Water to Keep Your Plants Alive
My father had a theory about watering plants. He said that once you start watering plants in a dry season, they come to depend on it, therefore, he wouldn’t start. Of course he was right, once you start watering garden plants, they do start depending on you. But the alternative is to let your plants die, or wait so long to begin watering that they are so completely stressed they won’t recover.
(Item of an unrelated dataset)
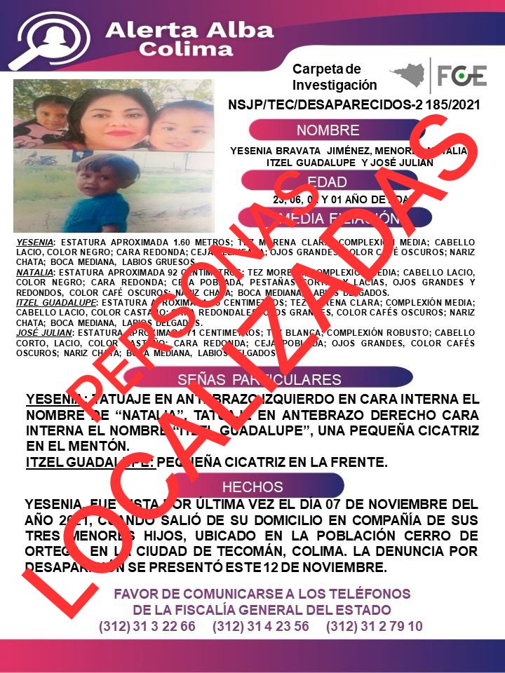 Yesenia y los menores Natalia, Itzel y José Julián ya fueron localizados. El Protocolo Alerta Alba agradece el apoyo de medios de comunicación y la colaboración de la sociedad mediante llamadas al 089 y 911, así como la información que se compartió a través de redes sociales.

Here are some suggestions for keeping your plants alive. With trees and shrubs you planted this spring (or even last fall), they need a minimum of 10 gallons of water a week, allowed to soak in slowly. It’s better if they have two 10 gallon buckets full a week, soaked in slowly. Don’t make the mistake of soaking them every day, too much water is almost as bad as not enough; the roots will sit there in the wet and not grow at all. If you paid out good money for the tree you planted back in the spring, then weekly watering to keep it alive is a good investment in a shade tree of the future.
With lawns, 3 waterings a week, about 2 hours each time, should keep the grass green. However some varieties of grass will go dormant in dry weather. Bermuda grass, for example, will survive the heat and drought and when it starts raining again, will commence growing again. Bluegrass or similar turf grass lawns, by contrast, need a constant supply of moisture, so it’s best to water those every other day.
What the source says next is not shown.